_WHAT IS NEEDED_.
Please write out all the data exactly as shown.

----------

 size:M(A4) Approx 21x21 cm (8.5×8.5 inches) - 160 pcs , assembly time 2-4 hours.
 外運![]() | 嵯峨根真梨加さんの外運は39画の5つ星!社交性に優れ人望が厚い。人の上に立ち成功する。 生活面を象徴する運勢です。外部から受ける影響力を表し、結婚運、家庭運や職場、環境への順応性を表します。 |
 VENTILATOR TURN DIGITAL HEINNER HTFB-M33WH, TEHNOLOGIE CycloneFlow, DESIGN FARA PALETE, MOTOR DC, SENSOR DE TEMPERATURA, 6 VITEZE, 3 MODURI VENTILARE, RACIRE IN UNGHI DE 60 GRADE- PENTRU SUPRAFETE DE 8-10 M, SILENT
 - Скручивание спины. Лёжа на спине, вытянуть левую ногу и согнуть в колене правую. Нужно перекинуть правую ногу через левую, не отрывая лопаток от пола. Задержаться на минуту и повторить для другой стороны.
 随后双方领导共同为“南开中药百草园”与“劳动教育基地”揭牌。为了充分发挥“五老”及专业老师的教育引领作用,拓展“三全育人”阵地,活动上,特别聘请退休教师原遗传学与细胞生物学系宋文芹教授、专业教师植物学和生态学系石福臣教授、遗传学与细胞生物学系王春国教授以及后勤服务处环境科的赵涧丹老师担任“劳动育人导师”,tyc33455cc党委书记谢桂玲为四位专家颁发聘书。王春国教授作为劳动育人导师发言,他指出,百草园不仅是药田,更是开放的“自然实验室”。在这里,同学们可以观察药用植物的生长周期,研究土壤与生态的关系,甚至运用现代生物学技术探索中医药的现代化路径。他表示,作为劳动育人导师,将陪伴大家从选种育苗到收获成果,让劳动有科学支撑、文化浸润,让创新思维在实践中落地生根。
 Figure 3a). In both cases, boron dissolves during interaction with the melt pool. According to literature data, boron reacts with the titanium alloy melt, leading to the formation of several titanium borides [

----------

_ANSWER TO THIS EXERCISE_.
 size:M(A4) Approx 21x21 cm (8.5×8.5 inches) - 160 pcs , assembly time 2-4 hours.
 外運![]() | 嵯峨根真梨加さんの外運は39画の5つ星!社交性に優れ人望が厚い。人の上に立ち成功する。 生活面を象徴する運勢です。外部から受ける影響力を表し、結婚運、家庭運や職場、環境への順応性を表します。 |
 VENTILATOR TURN DIGITAL HEINNER HTFB-M33WH, TEHNOLOGIE CycloneFlow, DESIGN FARA PALETE, MOTOR DC, SENSOR DE TEMPERATURA, 6 VITEZE, 3 MODURI VENTILARE, RACIRE IN UNGHI DE 60 GRADE- PENTRU SUPRAFETE DE 8-10 M, SILENT
 - Скручивание спины. Лёжа на спине, вытянуть левую ногу и согнуть в колене правую. Нужно перекинуть правую ногу через левую, не отрывая лопаток от пола. Задержаться на минуту и повторить для другой стороны.
 随后双方领导共同为“南开中药百草园”与“劳动教育基地”揭牌。为了充分发挥“五老”及专业老师的教育引领作用,拓展“三全育人”阵地,活动上,特别聘请退休教师原遗传学与细胞生物学系宋文芹教授、专业教师植物学和生态学系石福臣教授、遗传学与细胞生物学系王春国教授以及后勤服务处环境科的赵涧丹老师担任“劳动育人导师”,tyc33455cc党委书记谢桂玲为四位专家颁发聘书。王春国教授作为劳动育人导师发言,他指出,百草园不仅是药田,更是开放的“自然实验室”。在这里,同学们可以观察药用植物的生长周期,研究土壤与生态的关系,甚至运用现代生物学技术探索中医药的现代化路径。他表示,作为劳动育人导师,将陪伴大家从选种育苗到收获成果,让劳动有科学支撑、文化浸润,让创新思维在实践中落地生根。
 Figure 3a). In both cases, boron dissolves during interaction with the melt pool. According to literature data, boron reacts with the titanium alloy melt, leading to the formation of several titanium borides [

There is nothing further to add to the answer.